Er werd iets voorgelezen.
Het onbenullige dat misgegaan was vergde nog een opruimactie, dus de aandacht was even verslapt.
Toen de aandacht terug was was het gebeurd.
De vlam in de pan.
'Ik pik dit niet langer! Dit kan zo niet doorgaan! Ik word helemaal niet serieus genomen! Nou ik ben gekke Henkie niet! Ik laat niet met me sollen!'
En het ging nog even door en voort en verder.
De opruimactie maar rustig verder afgerond intussen. Stofzuigen dempt het geschreeuw. Kalm blijven is het enige dat zinvol is nu.
Inwendig is dat lastiger. Maar alles went. Ook uitbarstingen als deze. Het was misschien te voorkomen geweest.
Toen het vuur weer naar waakvlamniveau gedaald was leek het veilig om weer contact te leggen. Excuses te maken voor het gevoel dat opgeroepen was en geenszins zo bedoeld was.
Muziek aan te zetten.
En af te wachten.
En ja, het waakvlammetje van de woede veranderde weer in het waakvlammetje van de liefde. En langzaam keerde de rust terug. En was het weer de gewone dag van voorheen. Geen topdag uiteindelijk. Maar te doen. Zoals alles te doen is als je er lang genoeg mee leven moet.
Zelfs de uitval van geestelijke vermogens en de optie om jezelf tot de orde te roepen als je doorslaat in je uitbarsting.
Voor wie het het ergste is is de vraag.
Beiden lijden we hieronder.
Beiden zoeken we naar wegen om de liefde centraal te laten staan en de verschijnselen die duiden op ziekteprocessen die voortschrijden zo te benaderen dat ze de dagelijkse loop der dingen niet al te negatief gaan beïnvloeden.
Op sommige dagen lukt dat wonderwel. Boven verwachting goed zelfs.
Op andere dagen is het dweilen met de kraan open.
Tranen zijn er elke dag.
Bij de een inwendig, onzichtbaar, verborgen tussen woorden die andere dingen uitdrukken. Bij de ander uitwendig, zichtbaar, buiten het blikveld van de een voorzover dat mogelijk is.
Elkaar laten we de tranen zelden weten, als we het helpen kunnen.
Toch louteren ze als we ze kunnen delen. Dus soms zijn de zichtbare tranen bewust in beeld. Dan komt de liefde naar buiten, de troost, de warmte, de mogelijkheid elkaar iets te bieden dat alleen tussen ons beiden bestaan kan.

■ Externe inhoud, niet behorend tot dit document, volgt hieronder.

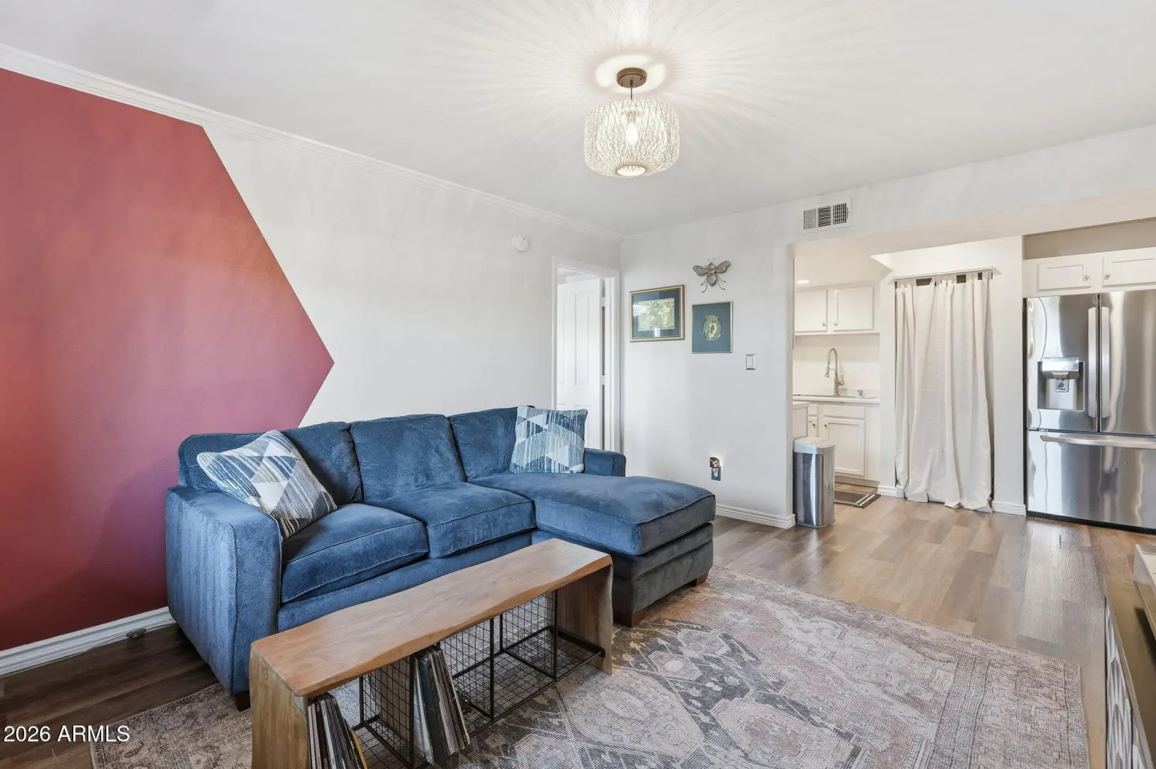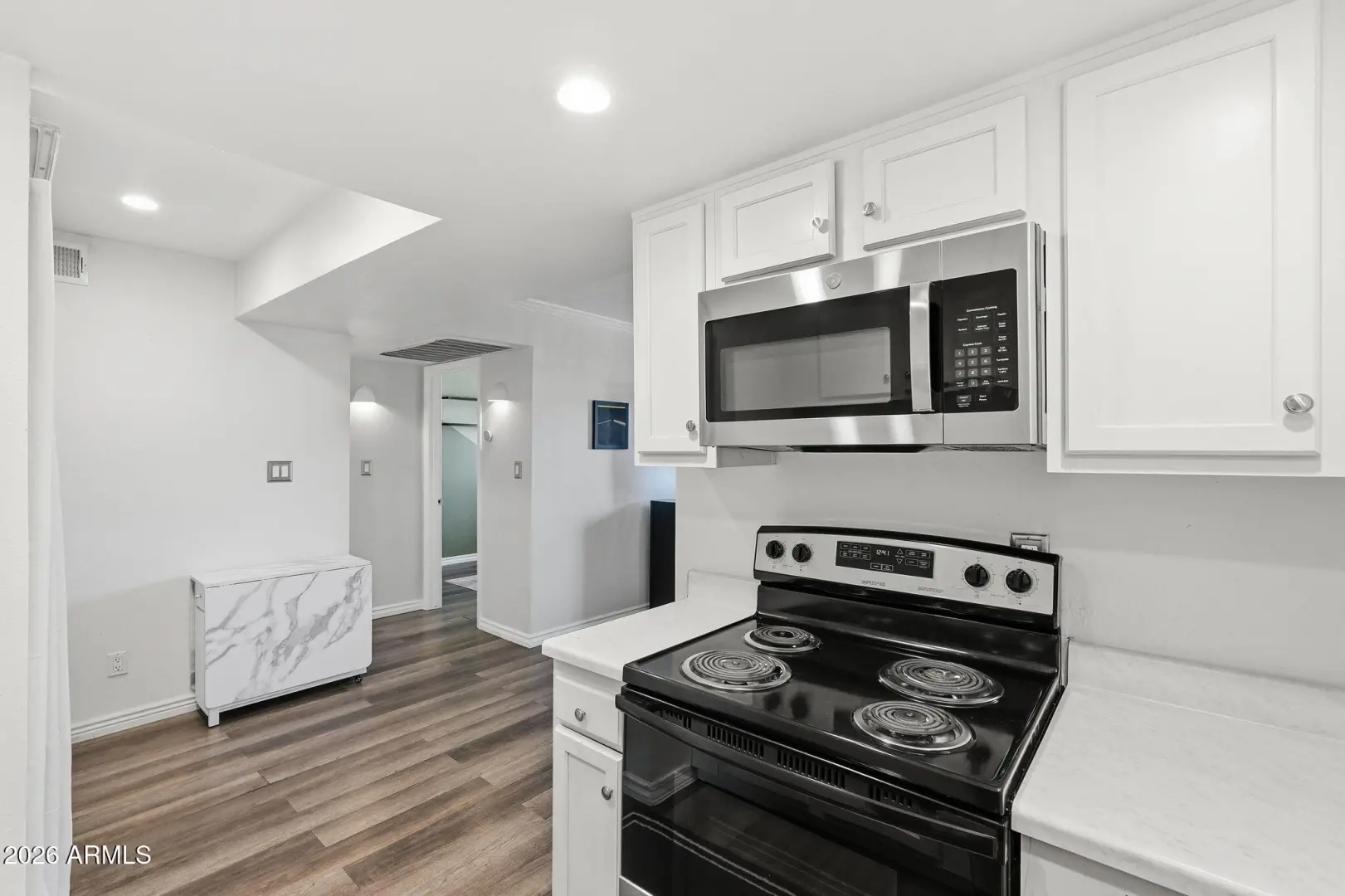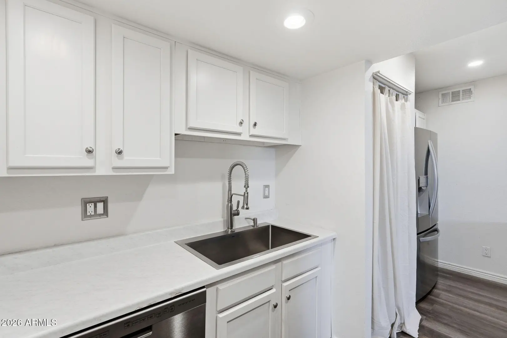 Beautifully updated 2 bedroom, 2 bath condo offering 816 sq ft in an ideal Phoenix location. This thoughtfully designed SPLIT floor plan features a SPACIOUS living area and generously sized bedrooms each with its own full bath and large WALK-IN closet for plenty of STORAGE.The updated kitchen showcases UPDATED modern WHITE CABINETRY and fixtures and the in-unit laundry adds everyday convenience. Enjoy a PRIVATE front patio with additional storage-perfect for relaxing or extra space.Located in the GATED Shamrock Glen community, residents enjoy lush landscaping and a sparkling pool. With easy access to major freeways, shopping, dining, and entertainment, this home combines comfort, convenience, and style.
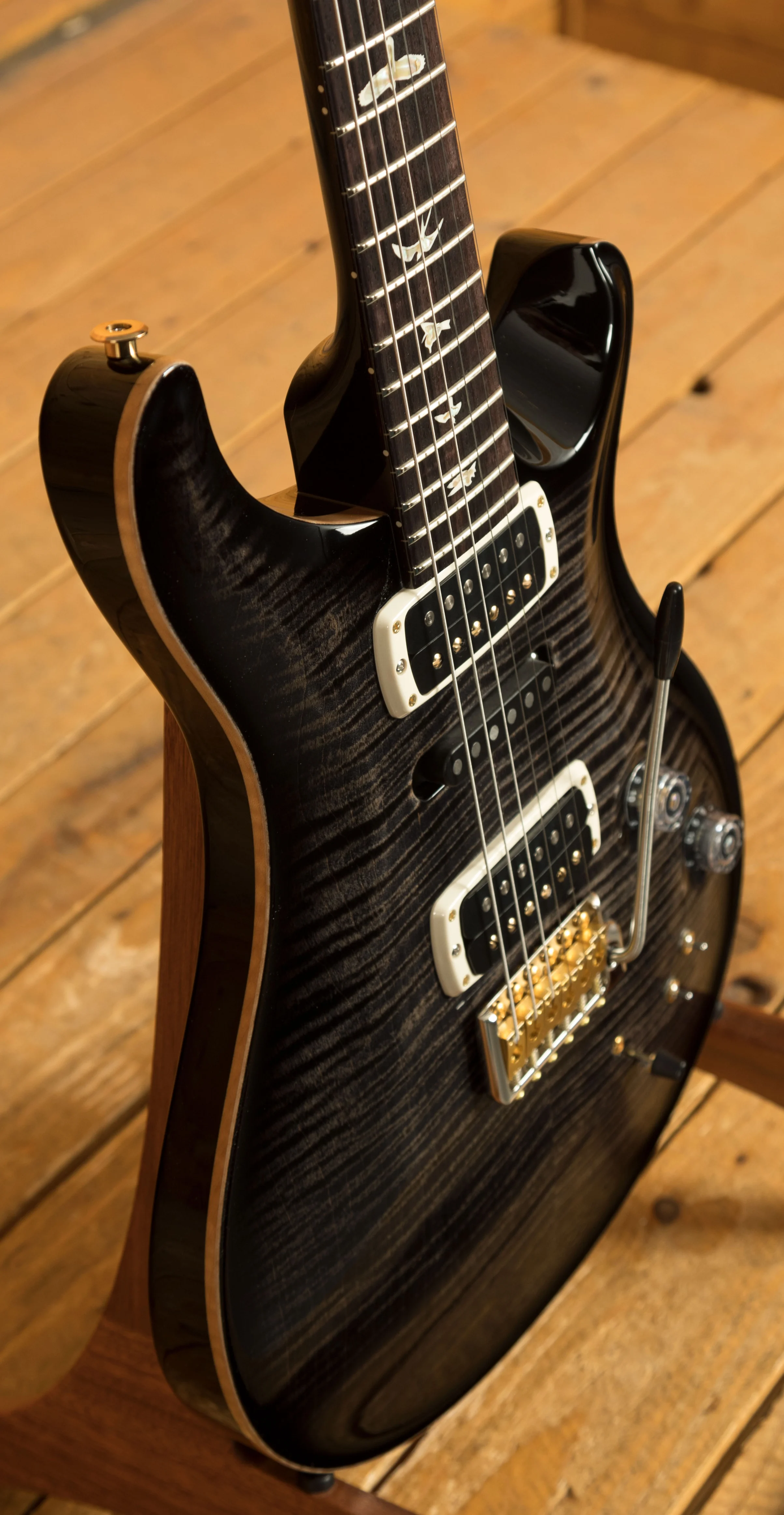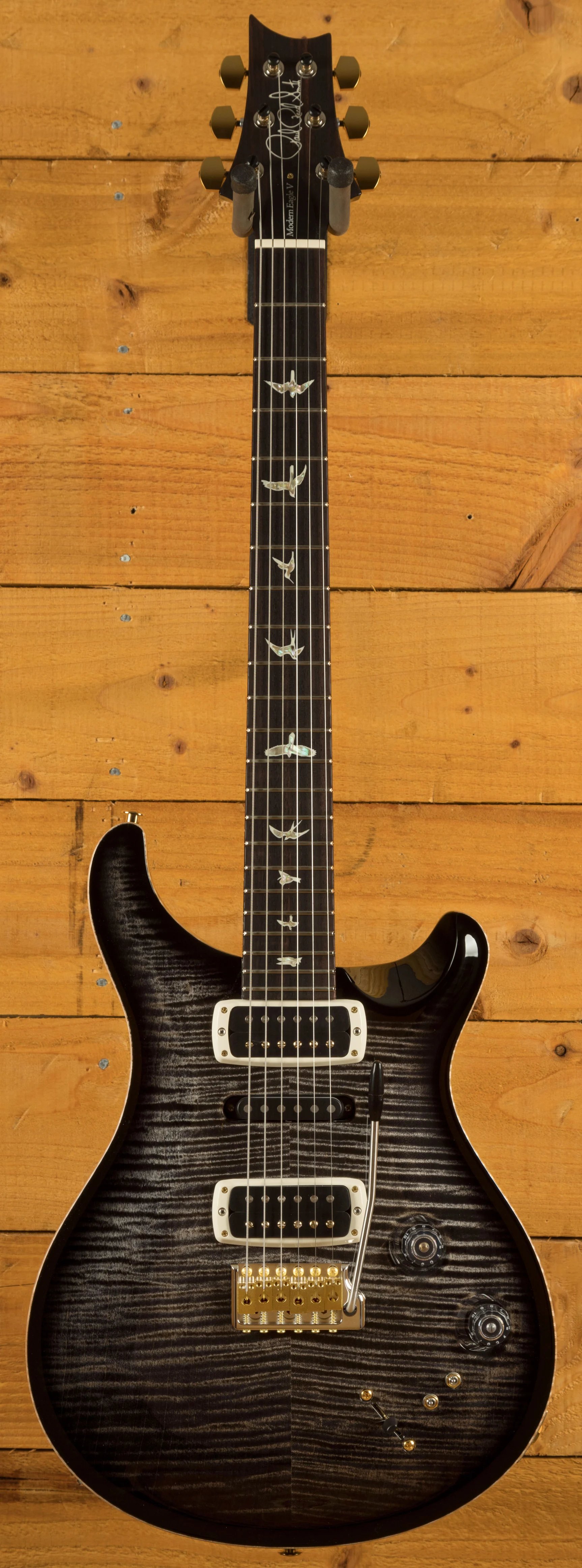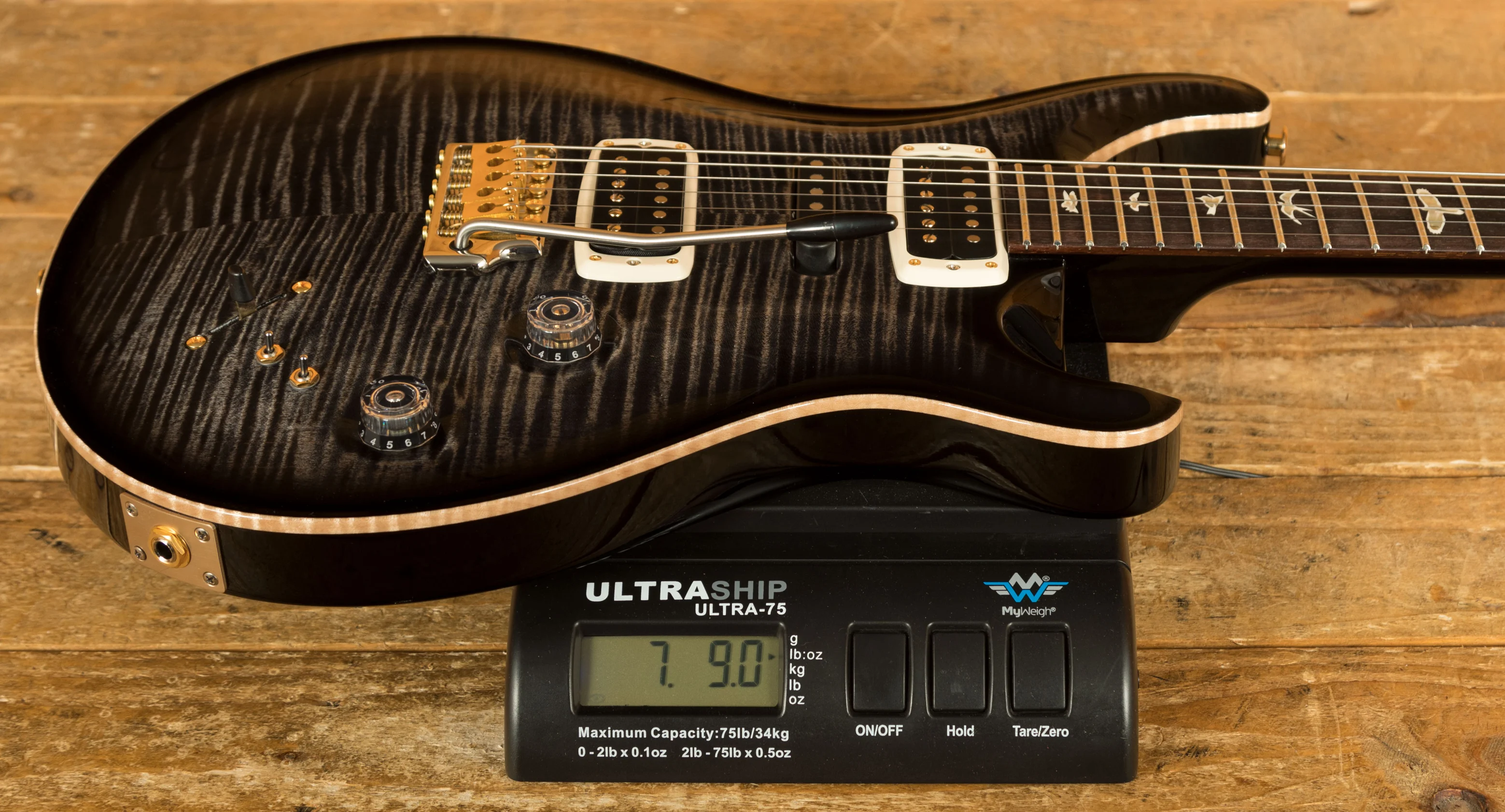 The PRS Modern Eagle V utilizes a hum/single/hum (five-coil) pickup configuration and introduces a new and unique switching system that gives players a vast array of tones in one guitar. The 5-way blade switch selects the pickups just as the 509 does (treble, treble and middle, middle, middle and bass, bass). The two paired mini-toggles separate the slug-side coils, turning the humbuckers into true, "TCI-tuned" single coils. There is a single volume and a push/pull tone control that activates both humbuckers when engaged; this allows players to access three pickups simultaneously. This electronics design puts a whole set of classic and new tones at your fingertips.

De gesprekken veranderen van inhoud en toon. Herinneringen komen telkens langs en veranderen van betekenis en vorm. Oude gebeurtenissen worden in een nieuw jasje gestoken. Herhalingen komen voor. Letterlijke of meer aangepaste versies. Soms komt spontaan een verhaal naar boven dat allang gehoord is, maar verteld wordt alsof het de eerste keer is dat deze herinnering gedeeld wordt.
In zekere zin is dat ook het geval, het is de eerste keer in het hier en nu. In een ander hier en nu had het echter al geklonken.
Het is goed dat de betekenis van de verhalen in het eerdere hier en nu al duidelijk geworden was, waardoor het belang van het verhaal in het huidige hier en nu beter geduid kan.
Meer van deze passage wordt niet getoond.